While the invention has been described in connection with various aspects, it will be understood that the invention is capable of further modifications. This application is intended to cover any variations, uses or adaptation of the invention following, in general, the principles of the invention, and including such departures from the present disclosure as come within the known and customary practice within the art to which the invention pertains.

Claims

1. A golf club head comprising:

a face, a heel, a toe, and a top edge;

a back defined opposite the face;

a crown extending between the top edge of the face to the back and between the heel to the toe, the crown comprising:

a first region having a center portion being concave relative to the face;

a second region between the first region and the back; and

a plurality of apertures in the second region, a largest dimension of at least one aperture being less than or equal 0.3 inch.

2. The golf club head of claim 1, wherein all of the apertures have generally the same largest dimension.

3. The golf club head of claim 1, wherein at least two of the apertures have different largest dimensions.

4. The golf club head of claim 1, wherein the plurality of apertures defines at least one repeating pattern of apertures.

5. The golf club head of claim 1, further comprising a recess defined in the second region, wherein the plurality of apertures is defined within the recess.

6. The golf club head of claim 1, further comprising a protective cover configured to engage the crown to cover the plurality of apertures.

7. The golf club head of claim 1, wherein the number of the plurality of apertures is in a range of between 60 to 1500 apertures.

8. A golf club head comprising:

a face, a heel, a toe, and a top edge;

a back defined opposite the face;

a crown extending between the top edge of the face to the back and between the heel to the toe, the crown comprising:

a plurality of apertures, a largest dimension of at least one aperture being less than or equal 0.3 inch; and

at least one reinforcing rib extending between the face and the back, wherein a smallest width of the reinforcing rib is greater than the greatest dimension.

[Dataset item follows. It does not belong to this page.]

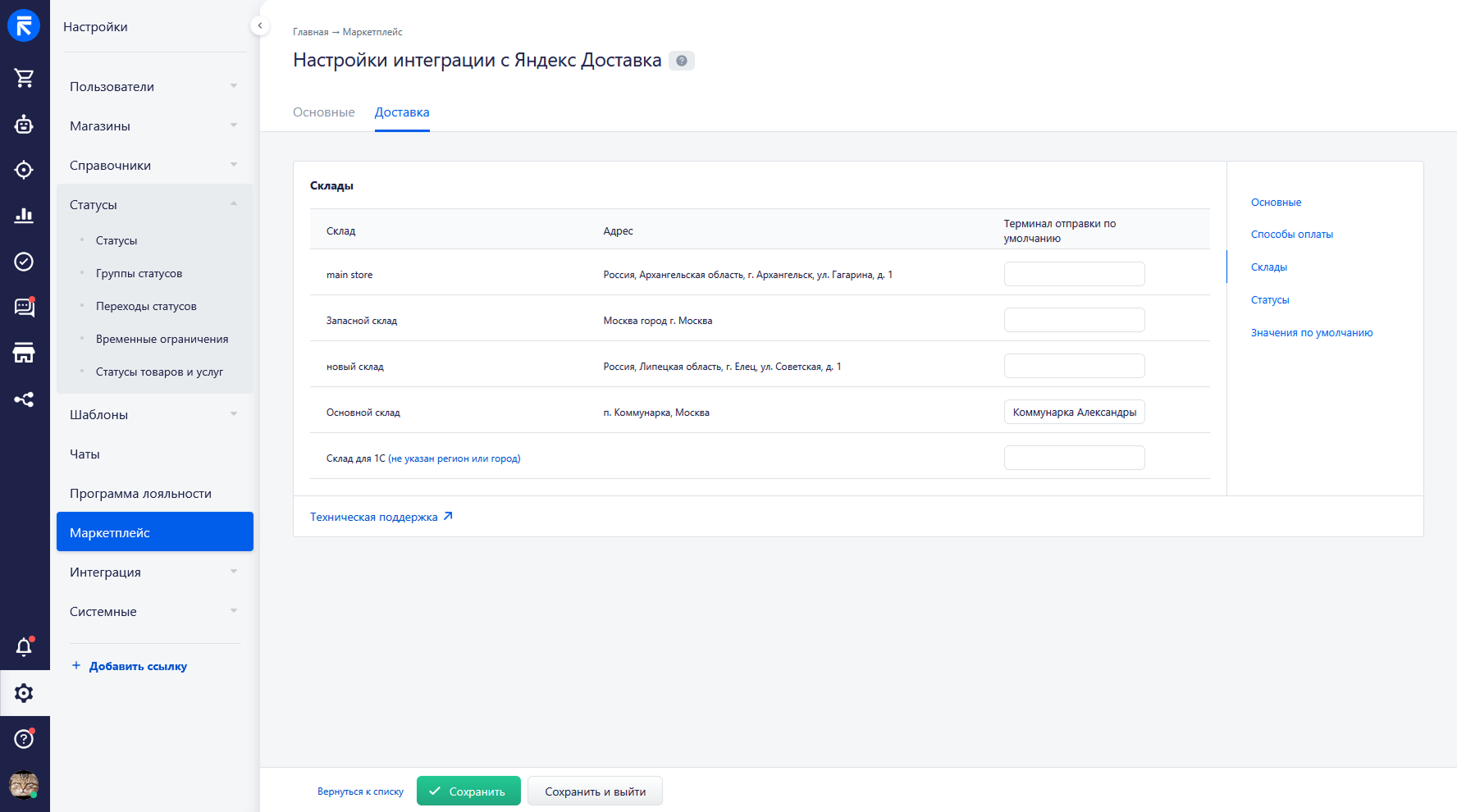 - Укажите адрес для существующих складов отгрузки по пути Настройки → Магазины → Склады.

9. The golf club head of claim 8, wherein all of the apertures have generally the same largest dimension.

10. The golf club head of claim 8, wherein at least two of the apertures have different largest dimensions.

11. The golf club head of claim 8, wherein the plurality of apertures defines at least one repeating pattern of apertures.

12. The golf club head of claim 8, wherein the crown further comprises a recess, wherein the plurality of apertures is defined within the recess.

13. The golf club head of claim 8, further comprising a protective cover configured to engage the crown to cover the plurality of apertures.

14. The golf club head of claim 8, wherein the number of the plurality of apertures is in a range of between 60 to 1500 apertures.

15. A method for manufacturing a club head for a golf club comprising:

forming a club head comprising a face, a heel, a toe, a top edge, a back defined opposite the face, and a crown extending between the top edge of the face to the back and between the heel to the toe;

forming a plurality of apertures in the crown, a largest dimension of at least one aperture being less than or equal 0.3 inch, the crown defining a first region having a center portion being concave relative to the face, and a second region between the first region and the back, wherein the apertures are formed in the second region.

16. The method of claim 15, further comprising forming a recess in the second region prior to forming the plurality of apertures in the second region.

17. The method of claim 15, wherein forming the plurality of apertures includes stamping the crown to form the plurality of apertures.

18. The method of claim 15, further comprising forming at least one reinforcing rib in the second region.

19. The method of claim 15, further comprising forming at least one reinforcing rib in the second region, the reinforcing rib defined by portions of the second region being without apertures.

20. The method of claim 15, further comprising attaching a cover on the second region.